Novell plans to pull the covers off a cloud computing security service designed to provide identity and access management for hosted applications and storage next week.
The company will showcase the new technology, as well as a compliance reporting suite, at the upcoming Burton Group Catalyst Conference in San Diego. The service is currently in a private beta and is slated to be generally available in the fall.
Based on more than 60 cloud-related patents and patent applications, the Novell Cloud Security Service is aimed at enabling cloud providers and software-as-a-service (SAAS) vendors to ensure their offerings meet security and compliance standards. Through the service, cloud computing providers can accept trusted identity information in multiple formats without having to replicate credentials at their site and manage those credentials separately.

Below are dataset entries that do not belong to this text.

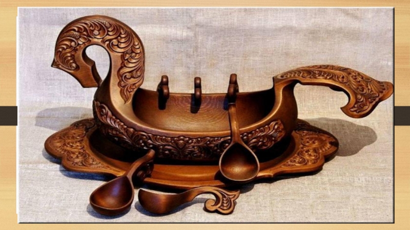 19 века.Ритмичный растительный орнамент можно увидеть на предметах быта того времени. Это ковши и солонки, декоративные шкатулки и вазы, большие тарелки. Помимо красивой резьбы, предметы, сделанные руками мастеров, отличаются тонировками, которые призваны подчеркнуть природную красоту древесины. Узоры покрывают всю поверхность поделки полностью, соединяя крупные детали между собой завитушками, веточками и другими растительными элементами.
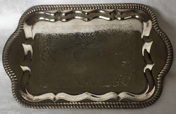 Silver plate "Reed and Barton, Mayflower" gravy set, plate and cup, 7.5" long x 2.5" tall, $20
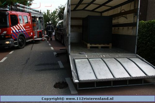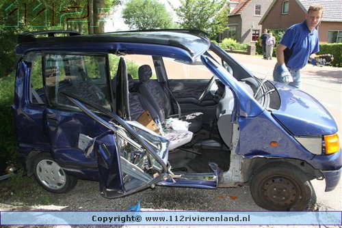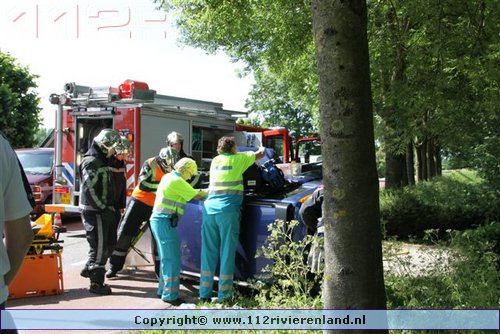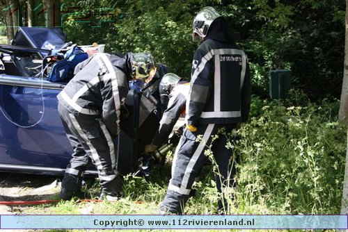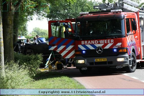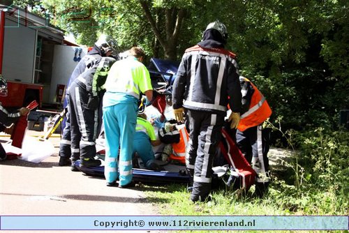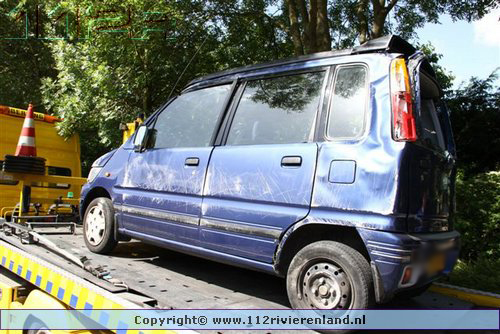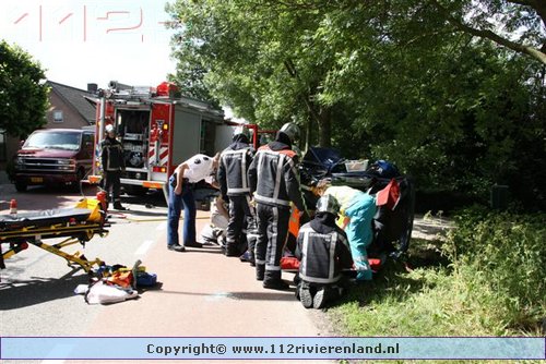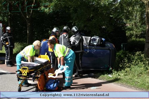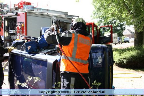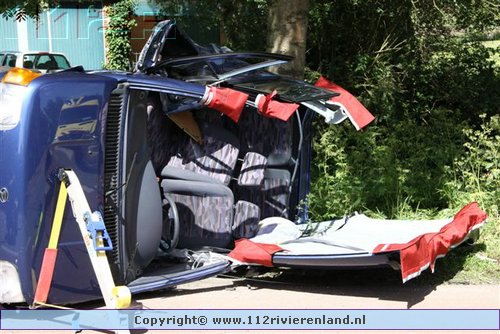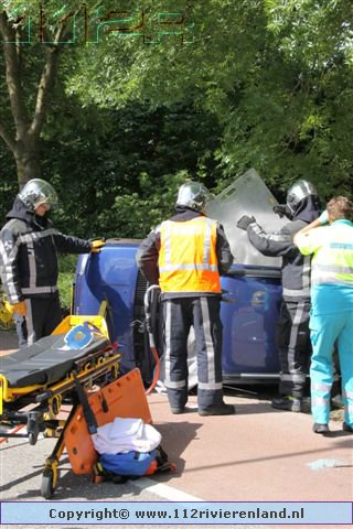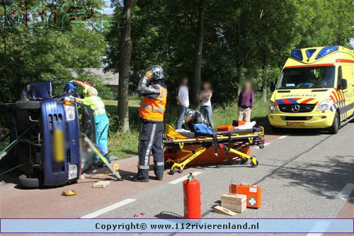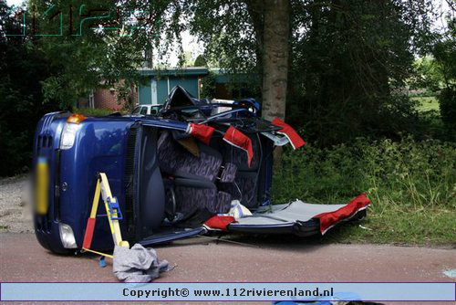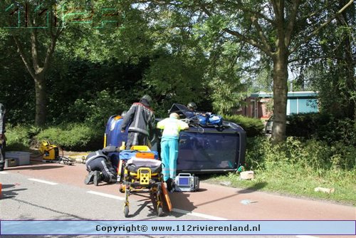 Tiel - Auto op zijn kant Lingeweg Tiel
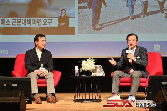 ÀÌÇöÀç Çϳ²½ÃÀå(¿À¸¥ÂÊ)°ú ÀÓÅÂÈñ °æ±âµµ±³À°°¨ÀÌ Áö³­ 2025³â 11¿ù 26ÀÏ Çϳ²±³À° ÅäÅ©Äܼ­Æ® ¡¸ÇÏÀÌ Çϳ²! ¹Ì·¡±³À°µµ½Ã·Î µðÀÚÀÎÇÏ´Ù¡¹¿¡ Âü¼®ÇØ Âü¼®ÀÚµé°ú ´ë´ãÀ» ³ª´©°í ÀÖ´Ù.
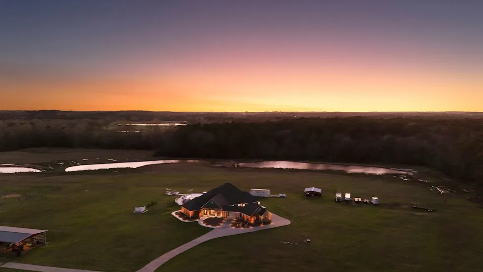 Discover the ultimate farm & ranch paradise with a 3123 sqft home setting on a sprawling 56-acre ranch. Designed for luxury living, farming & a touch of equestrian excellence. The property boasts breathtaking panoramic views, 5 barns, providing ample space for stabling & caring for your animals. The ranch features 3 spring-fed ponds, fully stocked for fishing & leisurely afternoons, alongside a tank that enhances the picturesque landscape. ElectroBraid fencing surrounds all four improved pastures, ensuring safety & security for your animals. Equestrian enthusiasts will appreciate the dedicated riding arena, perfect for training or recreational riding. After a day of outdoor activities, unwind in your private pool complete with a lazy river, offering a relaxing retreat. Entertain guests in style with a fully-equipped outdoor kitchen, ideal for hosting gatherings under the stars. This exce...
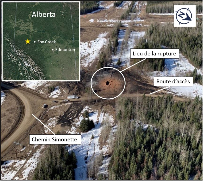 Le 7 avril 2022, vers 3 h 23, heure avancée des Rocheuses, un gazoduc de 8 po (219,1 mm) exploité par NOVA Gas Transmission Ltd. et transportant du gaz naturel non corrosif s’est rompu à environ 64 km à l’ouest de Fox Creek (Alberta). À la suite de la rupture, le gaz naturel s’est enflammé, ce qui a provoqué un incendie. Environ 3 750 000 m3 de gaz naturel ont été rejetés. L’incendie, qui a duré environ 4 heures, a brûlé une superficie de 12 000 m2. Il n’y a eu aucun blessé, et aucune évacuation n’a été requise.
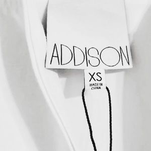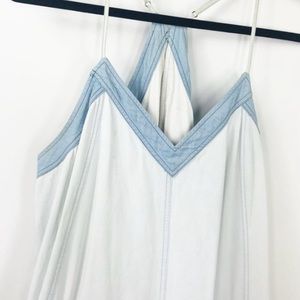 ADDISON Wyton A-Line Racerback V-Neck Light Wash Chambray Dress. Brand new with tags. Tag size XS, fits true to size. This shoulder-baring, soft chambray dress by ADDISON features contrast trim detailing along the neckline.
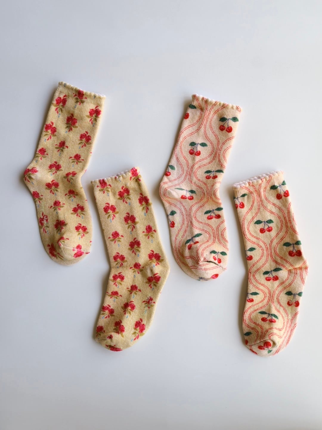 さくらんぼ柄がとてもキュート靴下2足セットです。

According to Novell, the service leverages proxy technology so that critical information is never exposed, and supports multiple industry standards used by both public and private clouds to allow customers to control security policies and industry regulations between cloud environments and their organization’s data center.
“Security concerns are the No. 1 inhibitor to enterprises adopting cloud computing,” said Dipto Chakravarty, vice president of worldwide engineering at Novell, in a statement. “Any cloud assets used by an enterprise must be treated as an extension of the data center with the policies and procedures in place to enforce regulatory compliance and prudent business practices. Cloud computing will not be successful if it forces the enterprise to engage a separate and distinct operating environment.”
Burton Group analyst Dan Blum had similar thoughts.
“In traditional IT environments, organizations control their applications, servers and storage infrastructure,” he said in a statement. “In an internal cloud environment, the architecture changes, but not the complexion of control. However, the control architecture changes profoundly for public cloud offerings such as Amazon EC2, Google Apps or Salesforce. When it comes to putting your IT resources and sensitive data such as personal names, addresses and phone numbers into the cloud, control and trust issues must be addressed.”